Home / Technology / Apple's AI Leaps: Flash Memory Powers New On-Device Models
Apple's AI Leaps: Flash Memory Powers New On-Device Models
9 Jun
Summary
- New on-device AI models store parameters in NAND flash, not DRAM.
- Routing decisions are made once per prompt, not per token.
- Active parameter count scales from 1B to 4B based on task.

Apple announced its third-generation foundation models, AFM 3, at WWDC26, fundamentally altering on-device AI capabilities. These new models, developed with Google, move the entire weight set off DRAM and into NAND flash storage. This innovation bypasses the traditional memory limitations that capped the size of local AI models.

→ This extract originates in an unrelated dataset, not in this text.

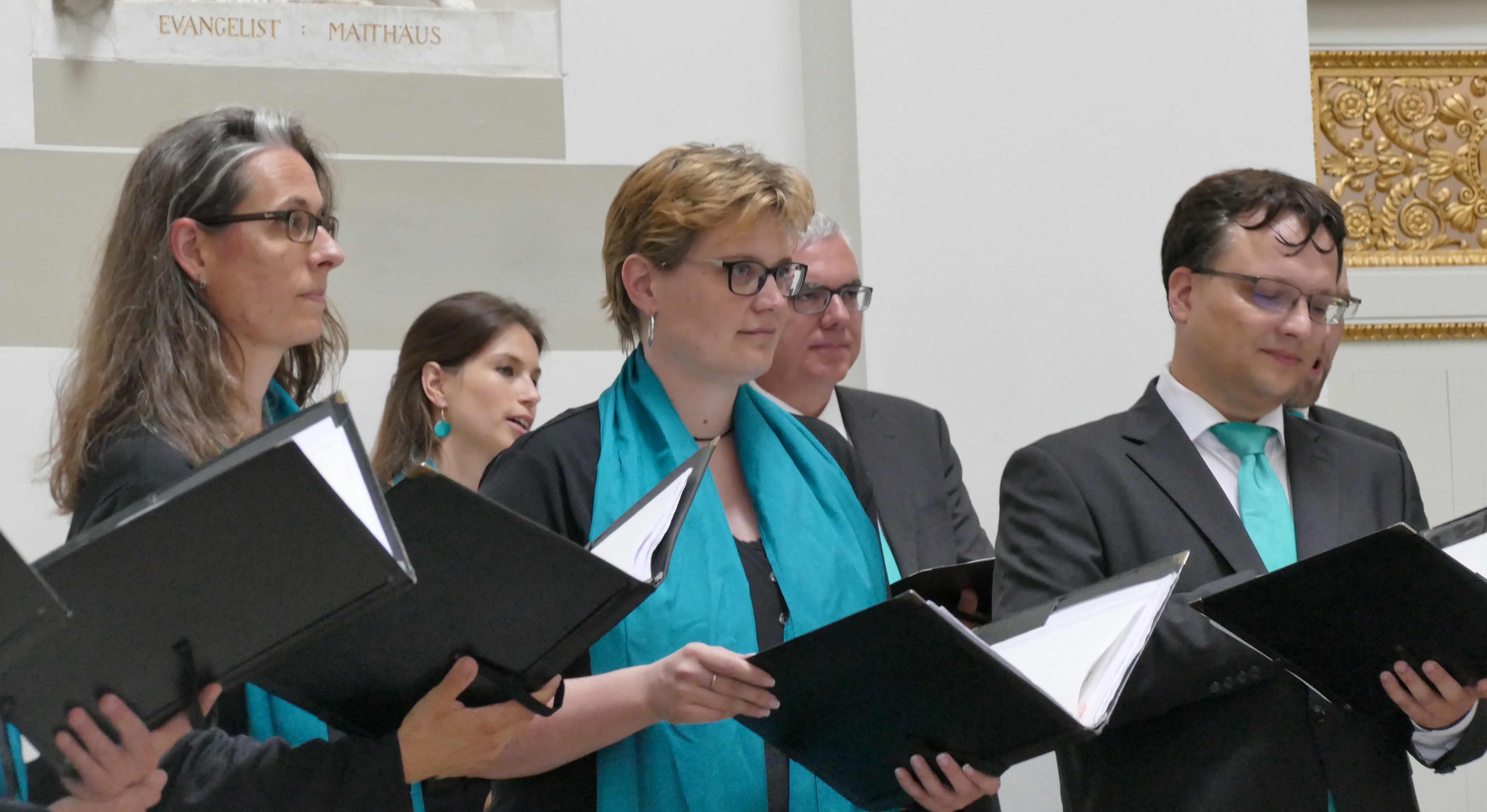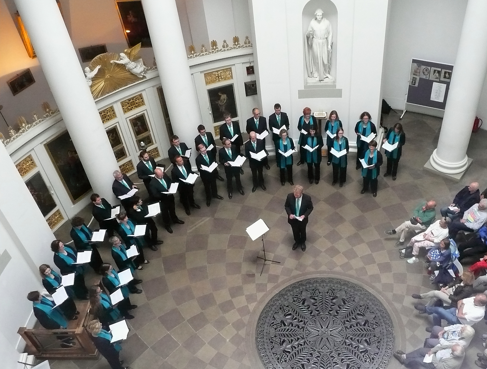Auch die weltlichen Stücke meisterten wir und unsere Solisten aus eigenen Reihen sehr souverän: Sowohl das sich langsam und energisch steigernde „Die Gedanken sind frei“, „Blackbird“ mit dem kecken Solo-„Pfeifen“ von Alexandra, als auch „O Täler Weit“ mit Matthias‘ und Ankes synkopischem Zwischengesang sowie Michael mit seiner einfühlsam intonierten Bariton-Sequenz beim Refrain von Billy Joels „And so it goes“ wussten zu überzeugen. Bei letzterem Stück lauschte sogar die in der Kapelle beheimatete Kirchenmaus andächtig mit, bevor sie durch die Reihen der weiter konzentriert musizierenden JuCo-SängerInnen davon huschte. Das stimmungsvolle und variantenreiche Programm beschlossen wir mit einem temperamentvollen „Salmo“ des brasilianischen Komponisten E. Aguiar, dessen Fortissimo-Schlussakkord in der Kuppel nur langsam verhallen wollte.
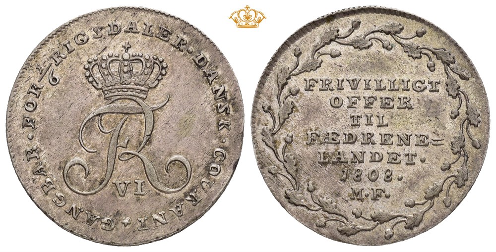 Offermark 1808, flott patina og myntglans.

The AFM 3 Core Advanced model boasts 20 billion parameters stored in flash. To overcome slow NAND-to-DRAM bandwidth, it makes routing decisions once per prompt, selecting specific experts to load into DRAM. This approach allows for dynamic scaling of active parameters, from 1 billion for simple tasks to 4 billion for complex ones.

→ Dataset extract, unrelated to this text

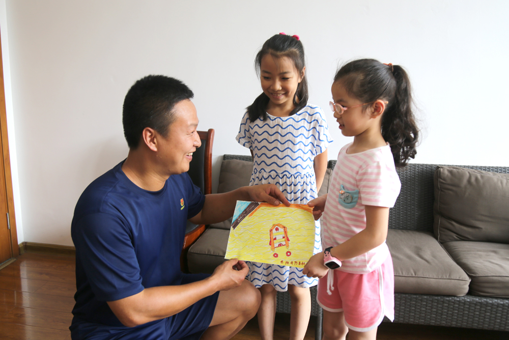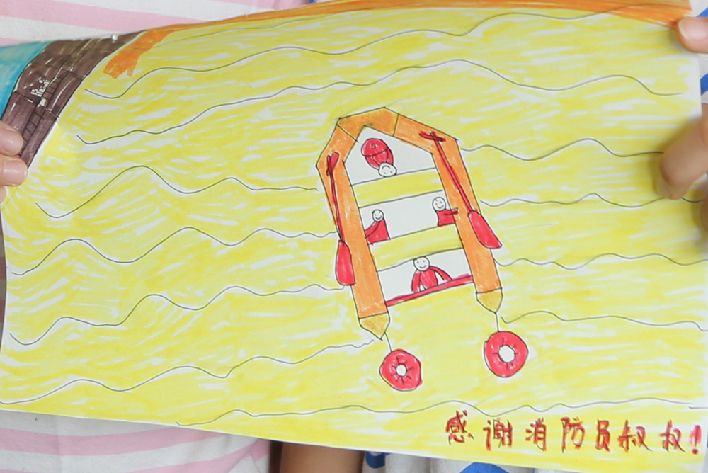 一进门,活泼可爱的小女孩就跑到临海消防救援大队古城中队指导员章津铭面前,把一幅画送给了他。画上画的是消防员驾着皮划艇到她家救援的情景。小女孩说这幅画的名字叫《希望之舟》。“看到了消防员叔叔,我们就看到了希望。我不害怕,因为有消防员叔叔。”小女孩说道。

While Apple has detailed the memory architecture, practical deployment constraints like energy usage and thermal performance remain undisclosed. A full technical report with benchmarks is expected later this summer. This development presents enterprise architects with a substantial 20-billion-parameter on-device option for agentic workloads, shifting the primary constraint from model capability to device hardware.